Unit 1- Lab Techniques Flashcards
What is the difference between linear and log dilutions?
A linear dilution series consists of a range of dilutions that differ by an equal interval. Each solution is made up separately from a stock solution meaning error is not carried on to the next dilution. A log dilution series consists of a range of different dilutions that differ by a constant proportion. Each solution becomes the stock solution for the next dilution meaning any error is carried.
What is colorimetry and what can it be used for?
A colorimeter can be used to measure the concentration of pigment in a solution, the turbidity of liquid or the density of cells in a culture. It is does this by electronically recording the amount of light absorbed in a sample in a small cuvette. A standard curve can be created with an equation from the line of best fit allowing you to determine the concentration of unknown samples.
What are pH buffers and why do we need them?
Buffers are aqueous solutions that show very little variation in their pH despite addition of acids or alkalis. They are used to make sure the pH in experiments remain constant as pH affects most biological systems.
How does centrifugation work?
It separates materials by their density, material is rotated and the resultant g force causes components to separate. The most dense liquid forms a pellet and the liquid above is known as the supernatant.
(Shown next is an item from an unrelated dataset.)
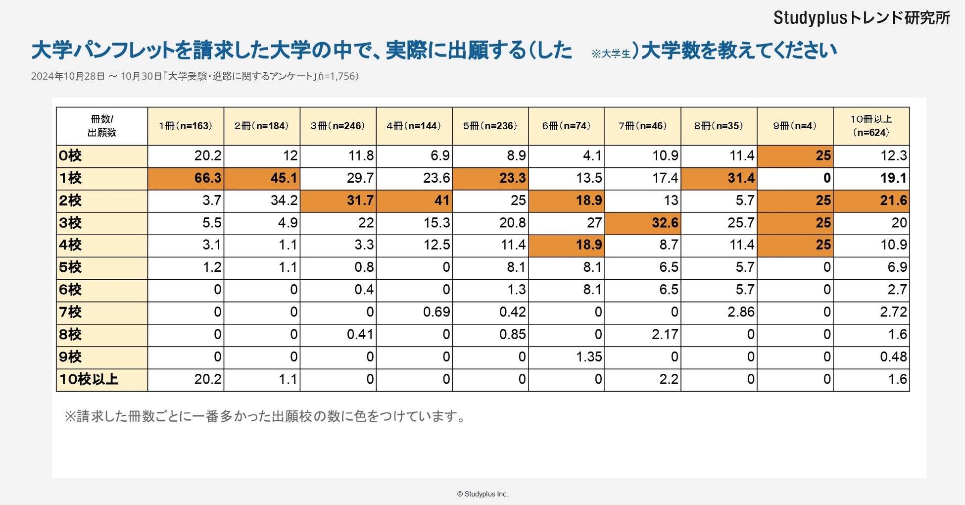 下の表では各冊数ごとに、実際に出願した校数が一番多かったところに色をつけています。どの冊数でも1校から4校に出願する人が多くなっています。一人当たりの平均出願数は2.37校*です。

How does paper and thin-layer chromatography separate proteins?
By their solubility
How does affinity chromatography work?
It used for the separation of one particular protein from a mixture. An antibody or ligand specific for binding with the protein is immobilised in an agarose gel in a column. When the mixture is poured through the column only the protein of interest binds to the antibody or ligand within the column. This protein can then be separated by washing the column with a ph buffer or free ligand.
How does protein electrophoresis work?
This uses current through a buffer to separate the proteins. The tank is set up with a positive and negative terminal. The fragments move towards the electrode with the opposite charge and small fragments will move more quickly as they do not get tangled up in the agarose gel.
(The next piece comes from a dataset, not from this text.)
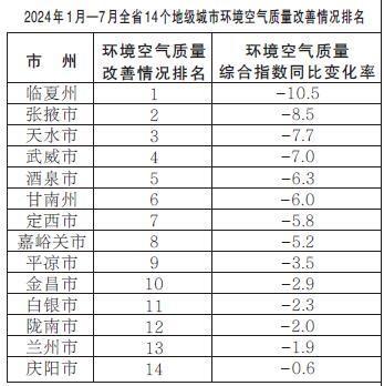 2024年1月—7月,全省14個(gè)地級(jí)城市環(huán)境空氣質(zhì)量改善情況排名由好到差分別為:臨夏州、張掖市、天水市、武威市、酒泉市、甘南州、定西市、嘉峪關(guān)市、平?jīng)鍪小⒔鸩?、白銀市、隴南市、蘭州市、慶陽(yáng)市。

What is the iso-electric point of a protein?
The pH at which a protein carries no net electrical charge.
How does iso-electric focusing work?
A pH gradient is set up along a tube of polyacrylamide gel using a mixture of special buffers. Each protein in the sample that is loaded onto the gel will move until it reaches the pH corresponding to its IEP. At this pH, the protein will move no further and form a band which can be visualized after staining.
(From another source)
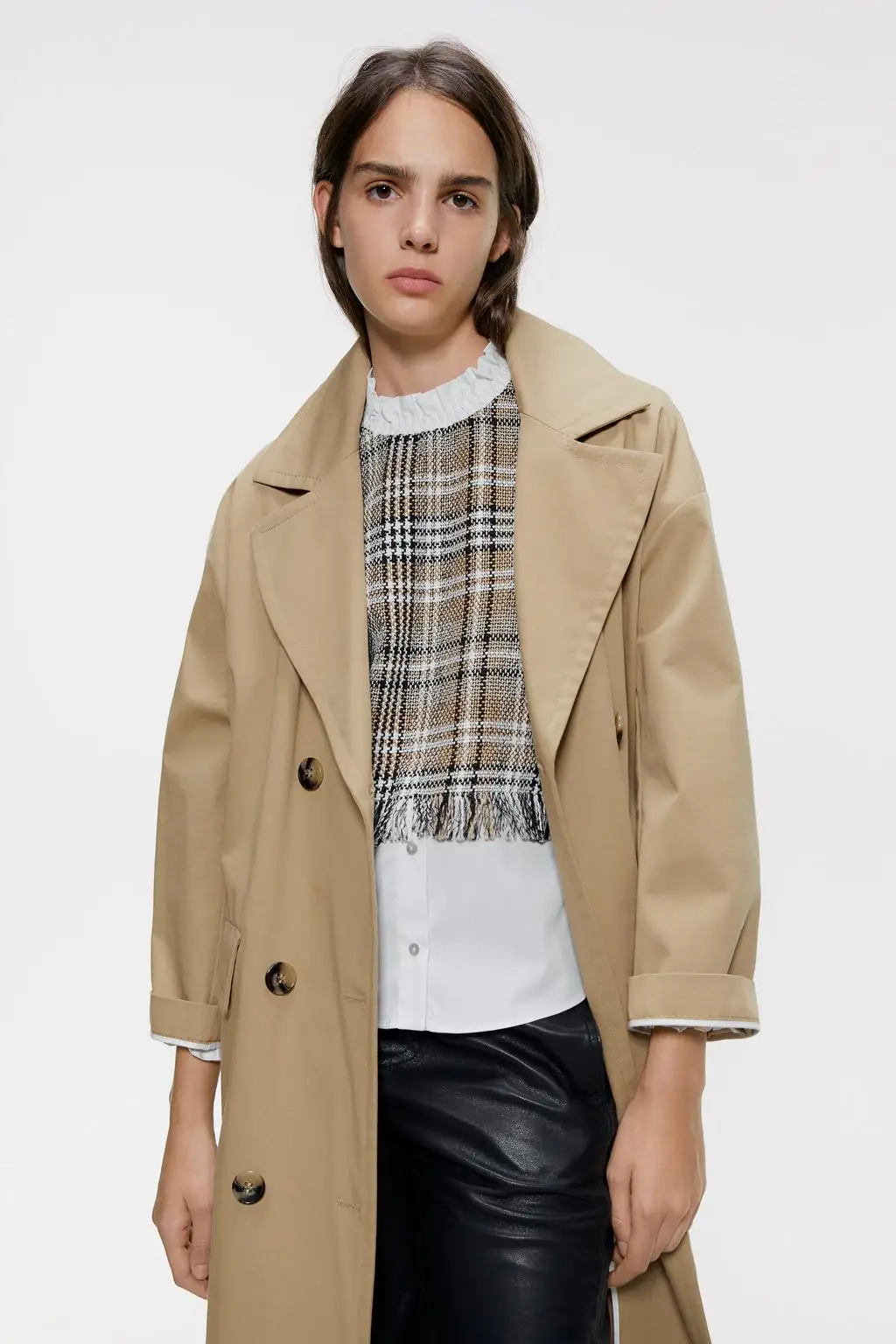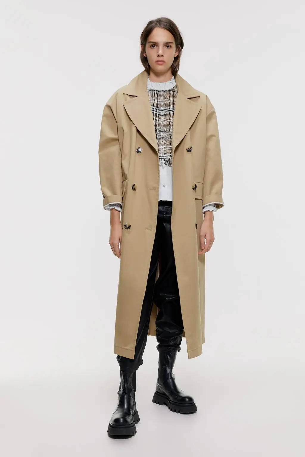 Женский Длинный Тренч в клетку DEAT облегающий клетчатый с длинным рукавом и

How are monoclonal antibodies produced?
To produce pure monoclonal antibodies, a single line of B lymphocytes must be grown, each secreting the same specific antibody. B lymphocytes can be harvested from the spleen of a mouse that has been exposed to a specific antigen several weeks earlier. B lymphocytes do not divide in culture. To get around this problem the cells are fused with myeloma (cancer) cells from an immortal cell line, using polyethylene gel (PEG). The cells produced are called hybridomas. Dilution ensures that each hybridoma is placed in its own screening well.
Through the use of selective media, the hybridoma cell line, capable of producing the specific antibody of interest can be identified. Cultures can then grown in fermenters and each immortal hybridoma cell line produces only one type of antibody so it is monoclonal.
The secreted antibody is extracted and purified using centrifugation.
What are potential uses of monoclonal antibodies?
Targeted cancer therapies, detection and diagnosing disease e.g. HIV and meningitis.
How does ELISA work?
ELISA uses monoclonal antibodies that have an enzyme attached. This reporter enzyme catalyses a colour-change reaction that is used to detect and quantify the presence of a specific antigen. If the antigen is present, the antibody binds allowing, the reporter enzyme to produce a coloured product which is visual conformation of the antigen’s presence. If the antigen is not present, the antibody cannot bind and the enzyme is washed away before any reaction can take place.
How does fluorescent labeled protein blotting work?
Used for identifying specific proteins that have been separated by gel electrophoresis. The proteins are blotted from the gel onto a nitrocellulose membrane or nylon filter, recording their final positions on a more convenient material. The filter is then flooded with fluorescent labeled monoclonal antibodies. Because the antibodies are specific to a protein by labelling them you can identify the protein once they have bound. Once the antibodies have bound the excess is washed away. When exposed to light of particular wavelengths the fluorescent labeled antibodies allow the precise location of their specific target proteins to be identified. A fluorescent labeled protein blot allows the location of the target protein to be precisely identified.
What is aseptic technique?
A set of precautions taken to prevent contamination. For example, the use of sterile materials and the appropriate treatment of the source tissue.
How does methylene blue allow you to identify dead and alive cells?
Only dead cells are stained blue whereas live cells are colourless as they are able to actively pump out the stain.